Reputation: 401
I have a csv file that looks like this:
A, B
34, "1.0, 2.0"
24, "3.0, 4.0"
I'm reading the file using pandas:
import pandas as pd
df = pd.read_csv('file.csv')
What I need to do is to replace the strings by numpy arrays:
for index, row in df.iterrows():
df['B'][index] = np.fromstring(df['B'][index], sep=',')
However, it raises the error A value is trying to be set on a copy of a slice from a DataFrame
. However, the numpy arrays are being correctly created.
I need all value in B to be of type numpy.ndarray
.
Edit: I tried replacing df by row in the code.
for index, row in df.iterrows():
row['flux'] = np.fromstring(row['flux'][index][1:-1], sep=',')

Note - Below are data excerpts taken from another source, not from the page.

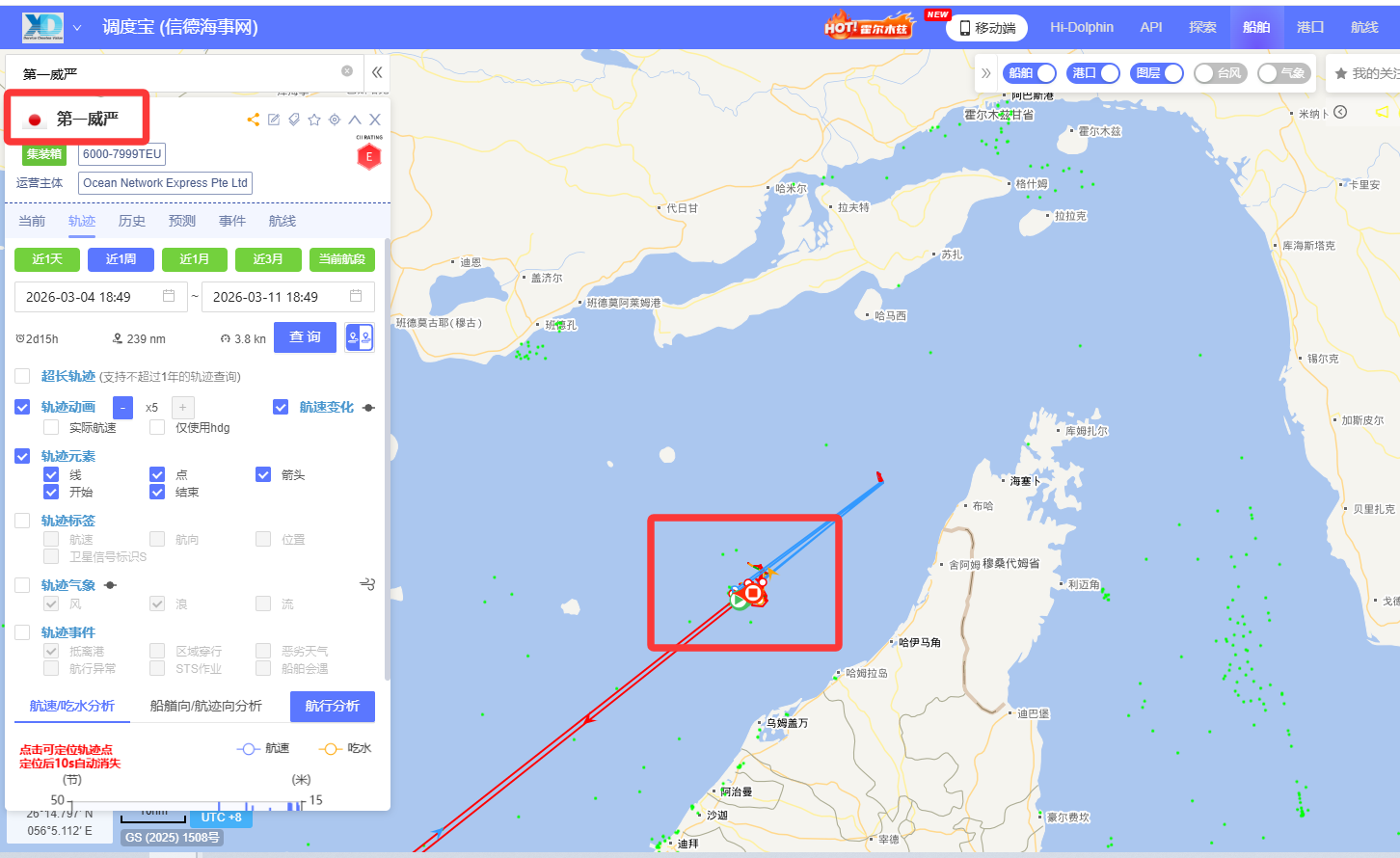 15.3月11日,日本旗集装箱船 One Majesty在阿联酋哈伊马角西北约25海里处遭疑似不明投射物击中。所有船员安全,正驶往安全锚地。(相关阅读:突发!霍尔木兹海峡,一艘日本旗大型箱船遭遇袭击)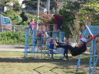 遊具や鬼ごっこなど、秋空の下、気持ちのよい汗を流していた小泉っ子でした。中でも鉄棒をがんばる4年生の姿を「すごい」と見入っていた6年生の姿がすてきでした。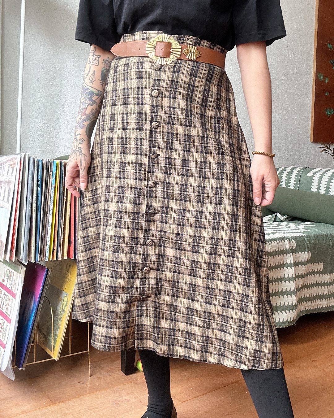 Falda midi de tiro alto con botones frontales y estampado a cuadros en tonos café y beige. Muy preppy.

And no error is raised, but the type of the variables doesn't change and the DataFrame still contains strings.
Upvotes: 1
Views: 1397
Reputation: 862641
Use converters
parameter in read_csv
for convert to numpy array:
import pandas as pd
import numpy as np
from io import StringIO
temp='''A,B
34,"1.0, 2.0"
24,"3.0, 4.0"'''
#after testing replace 'pd.compat.StringIO(temp)' to 'filename.csv'
df = pd.read_csv(StringIO(temp), converters={'B':lambda x: np.fromstring(x, sep=',')})
print (df)
A B
0 34 [1.0, 2.0]
1 24 [3.0, 4.0]
Upvotes: 2
Reputation: 4618
You can use apply to change to that format:
df['B'] = df['B'].apply(lambda x: np.fromstring(x, sep=','))
Upvotes: 1